= DATA SEGMENT =
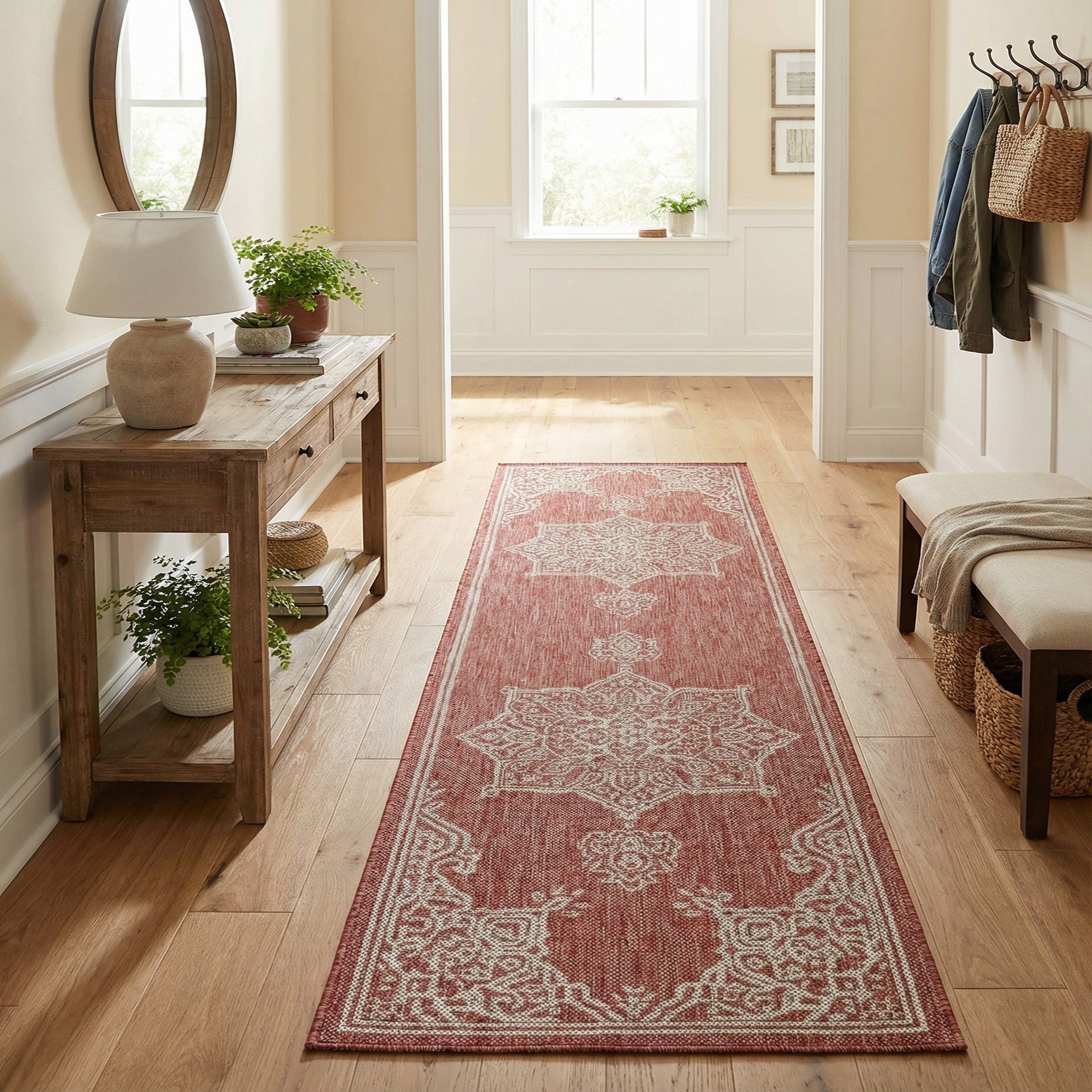 This runner works well in entryways, hallways, and on covered porches where a touch of classic pattern can anchor a long, narrow space. Pair it with warm wood floors, iron or matte-black hardware, and neutral upholstery to balance the richer rust tone; it also complements gray or stone tile and layered outdoor seating on a patio. Its traditional motif and durable construction make it well-suited to transitional, farmhouse, or classic outdoor living schemes.
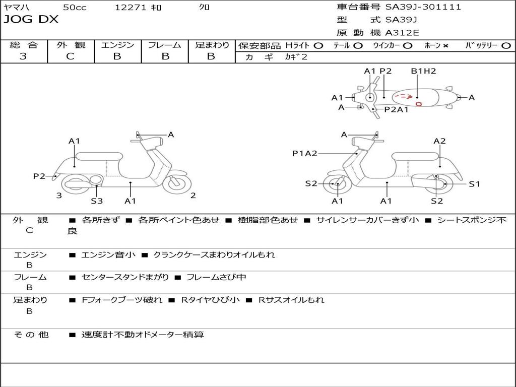 | Номер рамы / VIN | SA39J-301111 |
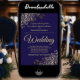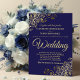 Cette invitation de mariage simple mais élégante comporte des lettres en or sur un arrière - plan bleu marine. Le design est sobre, mais les coins sont ornés d'un faux fil floral doré orné de boucles et de frites. Le texte est formel et traditionnel mais le design chic rend cette invitation appropriée pour tout mariage.

= TASK DETAILS =
Starting with the line that holds "VIN | SA39J-301111 |", print each line through the last one of the data exactly as written, but do not include the pictures.

= ANSWER TO THIS TASK =
 | Номер рамы / VIN | SA39J-301111 |
 Cette invitation de mariage simple mais élégante comporte des lettres en or sur un arrière - plan bleu marine. Le design est sobre, mais les coins sont ornés d'un faux fil floral doré orné de boucles et de frites. Le texte est formel et traditionnel mais le design chic rend cette invitation appropriée pour tout mariage.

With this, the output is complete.